The main thing that struck me about his words was when he said "The problem was teaching." The analogy of spending a week with jumper cables clamped to his brain really hit home for me. I think people often think teachers have a very easy job. We all get to leave at 3:30pm, right? Summers off, Fall break, Christmas break. What are we complaining about?

Most days I am at school by 6:30am. As the morning daycare director of our on-site before/after school daycare, I need to have the cafeteria opened up by 7:00am. That means arriving at school around 6:30am to get my computer turned on, turn down the a/c, check e-mail, prep my classroom, and maybe get in a quick bathroom break before I head down to the cafeteria at 6:55am.

Sometimes there is a student waiting at the door for me, other times they straggle in. But the next hour and a half of my day is spent in daycare, watching the kids, but mostly handling the financial aspect of the daycare. I take tuition, track it, call parents who haven't paid yet, write receipts, and turn it all in to the financial secretary at 8:30am.

From 8:30am-8:55am I try to make it to my classroom without getting caught by someone. There is always a ton of work to get caught up on whether it is grading or making copies or phone calls to parents. I try to sneak in one more bathroom break before the first bell rings because once the students are in the classroom, a bathroom break is out of the question. Don't even THINK about leaving those kids unattended.

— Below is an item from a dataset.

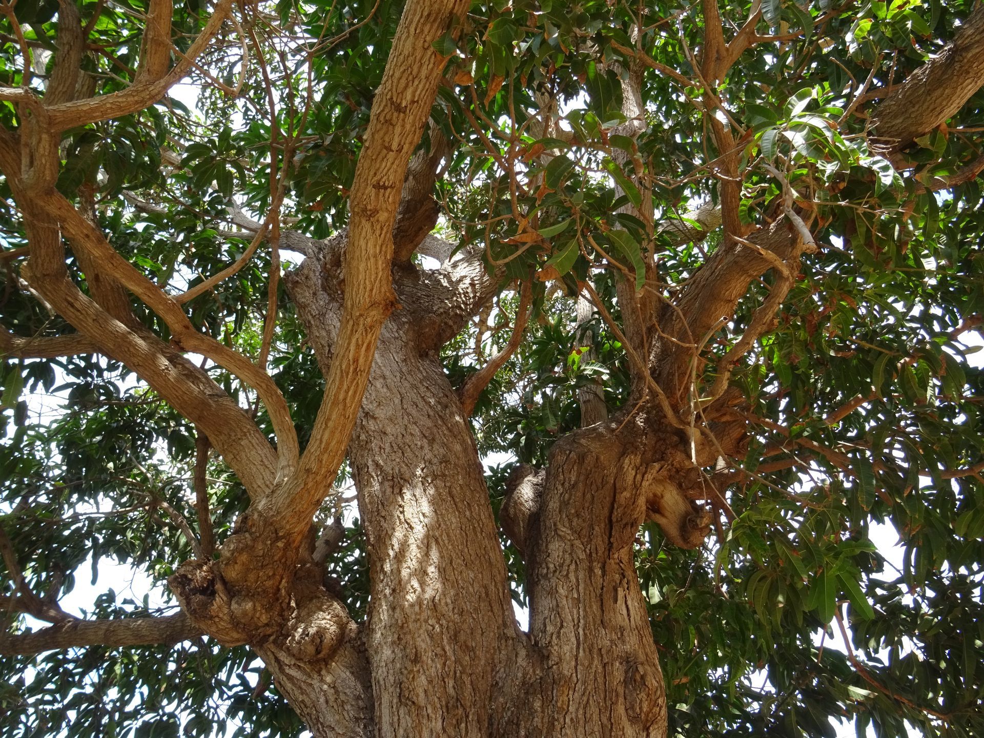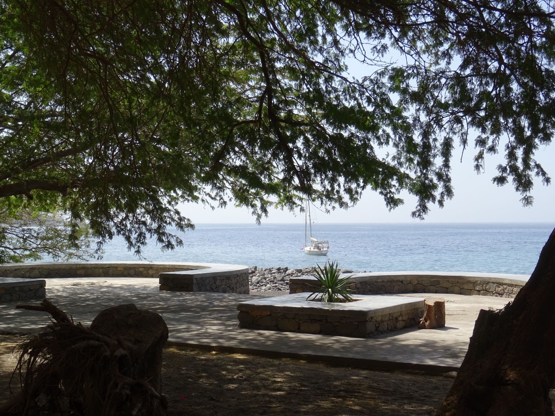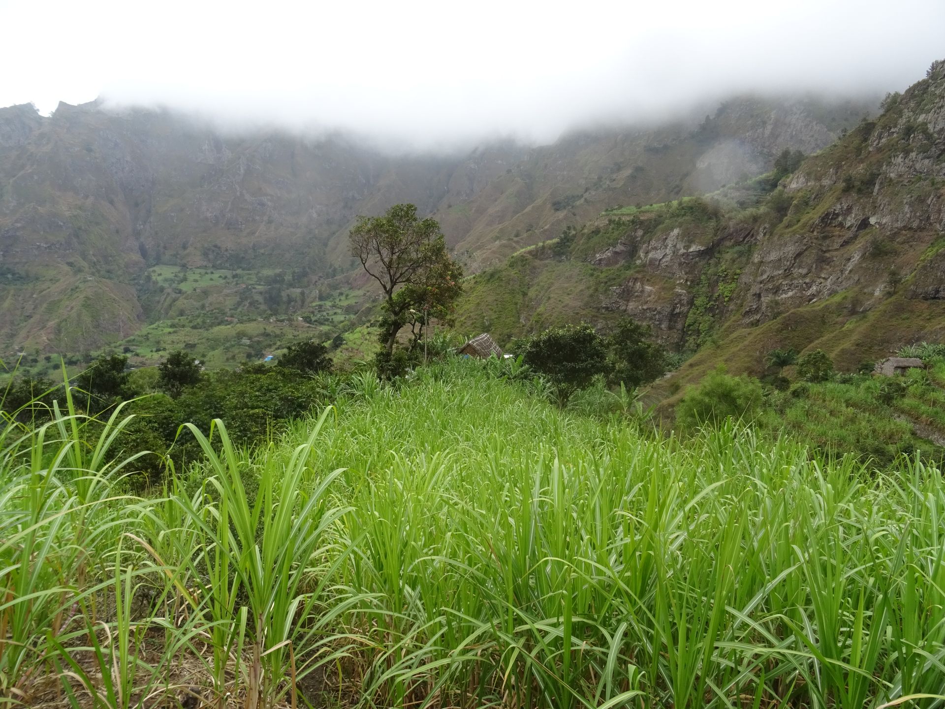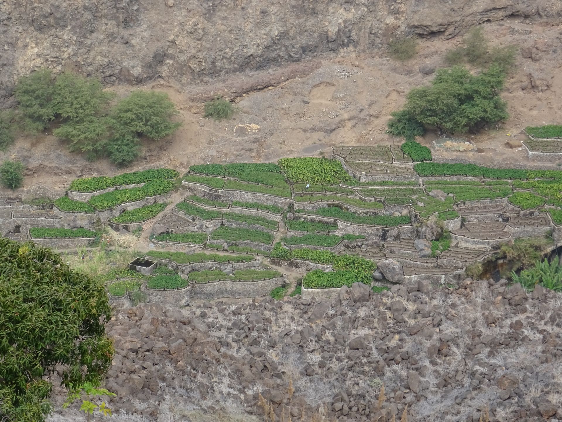 Unter uns im Tal ziehen sich die Felder in Terrassen am Bach entlang. Von oben sieht es aus wie Kresse in der Schachtel. Überall wird gearbeitet. Auch ganz oben gibt es eine Schule, und natürlich eine Zuckerrohrpresse. Bei Google Maps sehe ich, dass es hier irgendwo eine Bar, Restaurant oder Geschäft geben soll und ich navigiere uns dahin. Claudia ist etwas skeptisch, aber wir finden das Geschäft. Es liegt direkt neben einem wunderschönen Sitzplatz unter Bäumen. Der Platz hat rundum Sitzbänke und wirkt wie eine Dachterrasse, von der man einen sagenhaften Blick über den ganzen Berg hinunter bis zum Strand und weit über das Meer zur Nachbarinsel São Vicente hat.

8:55am. They're b-a-a-a-c-k! Regardless of how many times we go over the procedure for entering the classroom quietly and orderly, it never seems to go that way. Wait, it did ONE day last week. Once. The entire year so far. I'm beginning to question my classroom management.

Anyway, the kids are in, we do lunch count/attendance and get started on the day. It is non-stop until our unbelievably early lunch. We line up at 10:50am for lunch. I walk them down to the cafeteria, grab my lunch and scurry back to my classroom for a moment to myself before the kids who didn't finish their work last night come back during their recess. If I am lucky, I have fifteen minutes to inhale my lunch in peace. At 11:35, recess is over. Go get them again.

We do take about ten to fifteen minutes after recess for read aloud time. I recently got a used gliding rocker with gliding ottoman at a garage sale. It is so comfy, and I sit there with my students surrounding me as I read to them. But then, it's back to work. I look forward every day to my "planning period" which is technically thirty minutes but by the time you get the kids where they need to go and get in yet another bathroom break and pick them up you are lucky to have twenty minutes. I relish this time! It is finally quiet.....because........

Throughout the entire day, as I am trying to teach, there is the constant, "Sit down, pay attention, stop playing with your pencil, put your pencil down, pick your pencil up, pay attention, no we're on number four, not number five, I just gave you the answer to that, sit down, put your chair on all four legs, single file, eyes forward, no talking, no you can't go to the bathroom, where's your work, where's your book, where's your folder, sit down, bring it here, do it again, pay attention, ......................................................................." It is exhausting because you do this all day long. Every day. All day long. Every day. Again, I am questioning my classroom management skills.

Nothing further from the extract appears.